WHAT IS BEING ASKED: Without the pictures, give the listing below again exactly.

SUPPLIED INFORMATION:
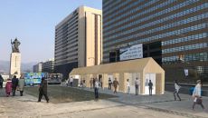 서울 광화문광장에 세월호 추모 천막 대신 들어설 세월호 기억·안전 전시공간은 79.98㎡(약 24평) 규모 목조 형태다. 서울- 2019.03.14 15:55
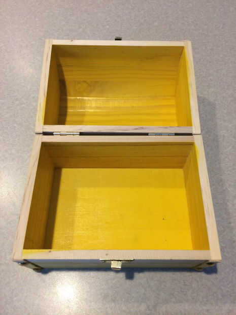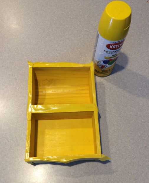 Una vez que ha secado la pintura necesita pintar el exterior de la caja marrón. Esto incluye la parte que cubre con cinta de pintor.
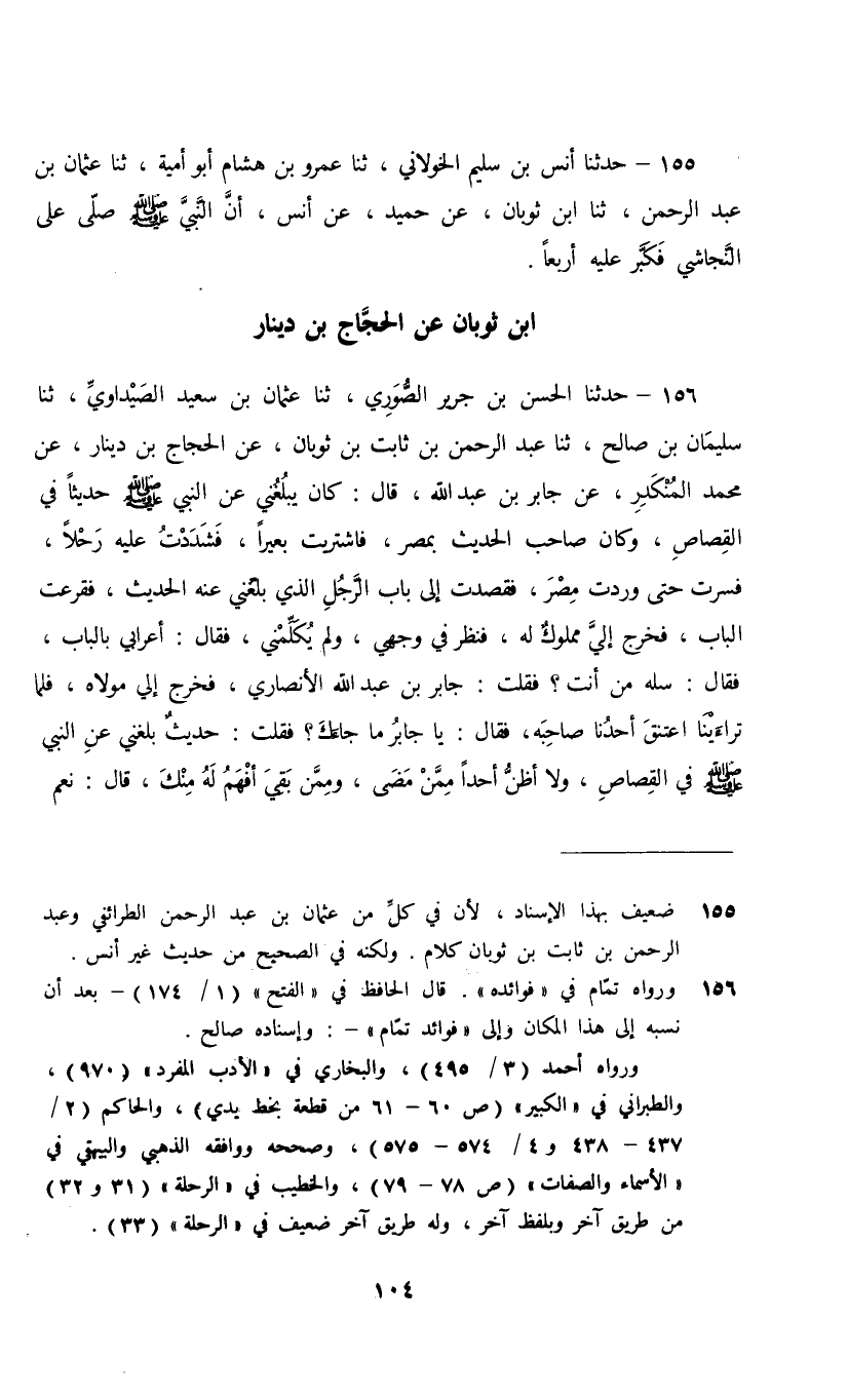 156 - حَدَّثَنَا الْحَسَنُ بْنُ جَرِيرٍ الصُّورِيُّ، ثنا عُثْمَانُ بْنُ سَعِيدٍ الصَّيْدَاوِيُّ، ثنا سُلَيْمَانُ بْنُ صَالِحٍ، ثنا عَبْدُ الرَّحْمَنِ بْنُ ثَابِتِ بْنِ ثَوْبَانَ، عَنِ الْحَجَّاجِ بْنِ دِينَارٍ، عَنْ مُحَمَّدٍ الْمُنْكَدِرِ، عَنْ جَابِرِ بْنِ عَبْدِ اللَّهِ، قَالَ: كَانَ يَبْلُغْنِي عَنِ النَّبِيِّ صَلَّى اللهُ عَلَيْهِ وَسَلَّمَ حَدِيثٌ فِي الْقِصَاصِ , وَكَانَ صَاحِبُ الْحَدِيثِ بِمِصْرَ , فَاشْتَرَيْتُ بَعِيرًا فَشَدَدْتُ عَلَيْهِ رَحْلًا فَسِرْتُ حَتَّى وَرَدْتُ مِصْرَ , فَقَصَدْتُ إِلَى بَابِ الرَّجُلِ الَّذِي بَلَغَنِي عَنْهُ الْحَدِيثُ , فَقَرَعْتُ الْبَابَ فَخَرَجَ إِلَيَّ مَمْلُوكٌ لَهُ فَنَظَرَ فِي وَجْهِيَ وَلَمْ يُكَلِّمْنِي , فَقَالَ: أَعْرَابِيُّ بِالْبَابِ فَقَالَ: سَلْهُ مَنْ أَنْتَ؟ فَقُلْتُ: جَابِرُ بْنُ عَبْدِ اللَّهِ الْأَنْصَارِيُّ فَخَرَجَ إِلَيَّ مَوْلَاهُ فَلَمَّا تَرَاءَيْنَا اعْتَنَقَ أَحَدُنَا صَاحِبَهُ , فَقَالَ: يَا جَابِرُ مَا جَاءَكَ؟ فَقُلْتُ: حَدِيثٌ بَلَغَنِي عَنِ النَّبِيِّ صَلَّى اللهُ عَلَيْهِ وَسَلَّمَ فِي الْقِصَاصِ وَلَا أَظُنُّ أَحَدًا مِمَّنْ مَضَى وَمِمَّنْ بَقِيَ أَفْهَمَ لَهُ مِنْكَ , قَالَ: نَعَمْ يَا جَابِرُ , سَمِعْتُ رَسُولَ اللَّهِ صَلَّى اللهُ عَلَيْهِ وَسَلَّمَ يَقُولُ: " إِنَّ اللَّهَ §يَبْعَثُكُمْ يَوْمَ الْقِيَامَةِ مِنْ قُبُورِكُمْ حُفَاةً عُرَاةً بُهْمًا , يُنَادِي بِصَوْتٍ رَفِيعٍ غَيْرِ فَظِيعٍ , يَسْمَعُ مَنْ بَعُدَ كَمَنْ قَرُبَ , فَيَقُولُ: «أَنَا الدَّيَّانُ لَا تَظَالُمَ الْيَوْمَ وَعِزَّتِي لَا يُجَاوِزُنِي الْيَوْمَ ظُلْمُ ظَالِمٍ وَلَوْ لَطْمَةَ كَفٍّ بِكَفٍّ أَوْ يَدٍ عَلَى يَدٍ» , أَلَا وَإِنَّ أَشَدَّ مَا أَتَخَوَّفُ عَلَى أُمَّتِي مِنْ بَعْدِي عَمَلَ قَوْمِ لُوطٍ , فَلْتَرْتَقِبْ أُمَّتِي الْعَذَابَ , إِذَا تَكَافَأَ النِّسَاءُ بِالنِّسَاءِ وَالرِّجَالُ بِالرِّجَالِ " قَالَ: وَالرَّجُلُ الَّذِي حَدَّثَهُ عَبْدُ اللَّهِ بْنُ أُنَيْسِ

ANSWER SECTION:
 서울 광화문광장에 세월호 추모 천막 대신 들어설 세월호 기억·안전 전시공간은 79.98㎡(약 24평) 규모 목조 형태다. 서울- 2019.03.14 15:55
 Una vez que ha secado la pintura necesita pintar el exterior de la caja marrón. Esto incluye la parte que cubre con cinta de pintor.
 156 - حَدَّثَنَا الْحَسَنُ بْنُ جَرِيرٍ الصُّورِيُّ، ثنا عُثْمَانُ بْنُ سَعِيدٍ الصَّيْدَاوِيُّ، ثنا سُلَيْمَانُ بْنُ صَالِحٍ، ثنا عَبْدُ الرَّحْمَنِ بْنُ ثَابِتِ بْنِ ثَوْبَانَ، عَنِ الْحَجَّاجِ بْنِ دِينَارٍ، عَنْ مُحَمَّدٍ الْمُنْكَدِرِ، عَنْ جَابِرِ بْنِ عَبْدِ اللَّهِ، قَالَ: كَانَ يَبْلُغْنِي عَنِ النَّبِيِّ صَلَّى اللهُ عَلَيْهِ وَسَلَّمَ حَدِيثٌ فِي الْقِصَاصِ , وَكَانَ صَاحِبُ الْحَدِيثِ بِمِصْرَ , فَاشْتَرَيْتُ بَعِيرًا فَشَدَدْتُ عَلَيْهِ رَحْلًا فَسِرْتُ حَتَّى وَرَدْتُ مِصْرَ , فَقَصَدْتُ إِلَى بَابِ الرَّجُلِ الَّذِي بَلَغَنِي عَنْهُ الْحَدِيثُ , فَقَرَعْتُ الْبَابَ فَخَرَجَ إِلَيَّ مَمْلُوكٌ لَهُ فَنَظَرَ فِي وَجْهِيَ وَلَمْ يُكَلِّمْنِي , فَقَالَ: أَعْرَابِيُّ بِالْبَابِ فَقَالَ: سَلْهُ مَنْ أَنْتَ؟ فَقُلْتُ: جَابِرُ بْنُ عَبْدِ اللَّهِ الْأَنْصَارِيُّ فَخَرَجَ إِلَيَّ مَوْلَاهُ فَلَمَّا تَرَاءَيْنَا اعْتَنَقَ أَحَدُنَا صَاحِبَهُ , فَقَالَ: يَا جَابِرُ مَا جَاءَكَ؟ فَقُلْتُ: حَدِيثٌ بَلَغَنِي عَنِ النَّبِيِّ صَلَّى اللهُ عَلَيْهِ وَسَلَّمَ فِي الْقِصَاصِ وَلَا أَظُنُّ أَحَدًا مِمَّنْ مَضَى وَمِمَّنْ بَقِيَ أَفْهَمَ لَهُ مِنْكَ , قَالَ: نَعَمْ يَا جَابِرُ , سَمِعْتُ رَسُولَ اللَّهِ صَلَّى اللهُ عَلَيْهِ وَسَلَّمَ يَقُولُ: " إِنَّ اللَّهَ §يَبْعَثُكُمْ يَوْمَ الْقِيَامَةِ مِنْ قُبُورِكُمْ حُفَاةً عُرَاةً بُهْمًا , يُنَادِي بِصَوْتٍ رَفِيعٍ غَيْرِ فَظِيعٍ , يَسْمَعُ مَنْ بَعُدَ كَمَنْ قَرُبَ , فَيَقُولُ: «أَنَا الدَّيَّانُ لَا تَظَالُمَ الْيَوْمَ وَعِزَّتِي لَا يُجَاوِزُنِي الْيَوْمَ ظُلْمُ ظَالِمٍ وَلَوْ لَطْمَةَ كَفٍّ بِكَفٍّ أَوْ يَدٍ عَلَى يَدٍ» , أَلَا وَإِنَّ أَشَدَّ مَا أَتَخَوَّفُ عَلَى أُمَّتِي مِنْ بَعْدِي عَمَلَ قَوْمِ لُوطٍ , فَلْتَرْتَقِبْ أُمَّتِي الْعَذَابَ , إِذَا تَكَافَأَ النِّسَاءُ بِالنِّسَاءِ وَالرِّجَالُ بِالرِّجَالِ " قَالَ: وَالرَّجُلُ الَّذِي حَدَّثَهُ عَبْدُ اللَّهِ بْنُ أُنَيْسِ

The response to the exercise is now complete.